Dominant Offers | Submissive Offers |
---|---|
Structure | Surrender |
Direction | Devotion |
Safety | Trust |
Boundaries | Obedience |
Guidance | Receptivity |
Both roles:
Require emotional intelligence
Benefit from self-reflection and mentorship
Deserve aftercare, validation, and respect
Can be expressed in many different ways — there's no single “correct” way to Dom or sub
D/s works when both people are empowered — in their roles, their boundaries, and their shared intention.
Let’s bust a few myths:
Myth | Reality |
---|---|
Doms must be loud, harsh, or hyper-masculine | Some are soft, nurturing, quiet — and still 100% in control |
Subs are doormats or lack boundaries | The best subs are boundary-strong and full of agency |
Submission is weakness | It’s strength, trust, and courage — every single time |
Doms don’t need feedback or limits | Ethical Doms rely on feedback to guide the dynamic |
There’s only one “right” way to do D/s | There are as many styles as there are people — and that’s the beauty of it |
Ask: Do I feel drawn to structure, guidance, or leading others into depth?

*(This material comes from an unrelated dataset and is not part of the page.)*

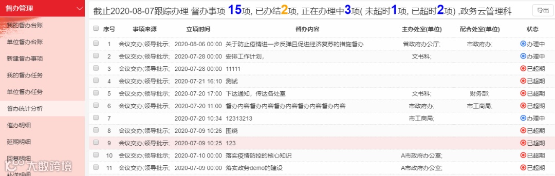 督查部门:随时督办事项进度,定期统计事项办结情况,随时催办和督办;

Practice listening before leading
Learn about communication styles, training structures, and feedback
Don’t assume authority — earn it
Ask: Where do I feel most free or fulfilled when offering myself?
Explore acts of service, training tasks, or gentle protocol
Learn your limits — and your needs
Practice trust with people who demonstrate responsibility
You’re not alone. Many people switch, blend, or evolve their roles over time. Exploration is encouraged — and fluidity is valid.

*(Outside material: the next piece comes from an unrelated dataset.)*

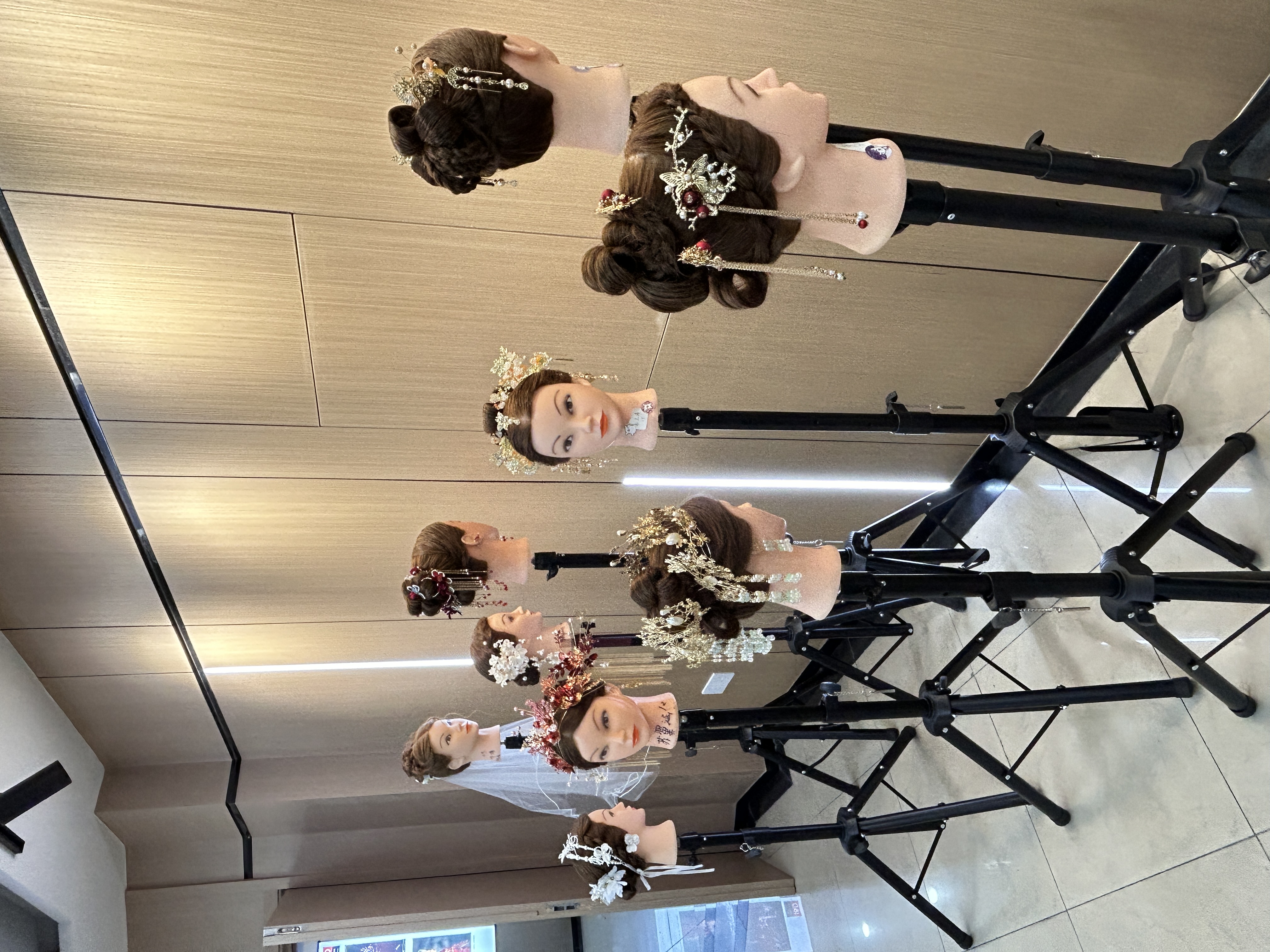 12月25日,设计学院24形象A班的《发型设计》课程结课作品在2号楼5楼大厅展出。此次展览为新娘主题发型设计造型作品展,学生们展出的作品风格各异,特别是新娘白纱造型和新娘秀禾造型,让参观者眼前一亮,也能感受到学生们对发型设计的热情和专注。

D/s dynamics can look like:
Casual power exchange during play only
Short-term training scenes or tasks
24/7 lifestyle dynamics with written contracts
Non-sexual submission or Dominance
Ritual, spiritual, or ceremonial service
Erotic roleplay that flirts with control or surrender
What matters most is that your dynamic:
Is clearly negotiated
Is enthusiastically consented to
Supports the growth, joy, and wellbeing of everyone involved
Whether you're discovering your role for the first time or want to refine your Dominance or submission in a real, structured way — Princess Raven offers:
Private coaching for Doms, subs, and switches
Dynamic design support: build rituals, protocols, training tasks, and aftercare plans
Emotional processing for new or evolving dynamics
Mentorship that’s firm, compassionate, and full of integrity
D/s isn’t about who’s on top — it’s about how you hold power, presence, and trust.
Whether you serve, guide, switch, or explore, your role deserves care, respect, and intentional growth.
Let yourself become what you already are — with clarity and confidence.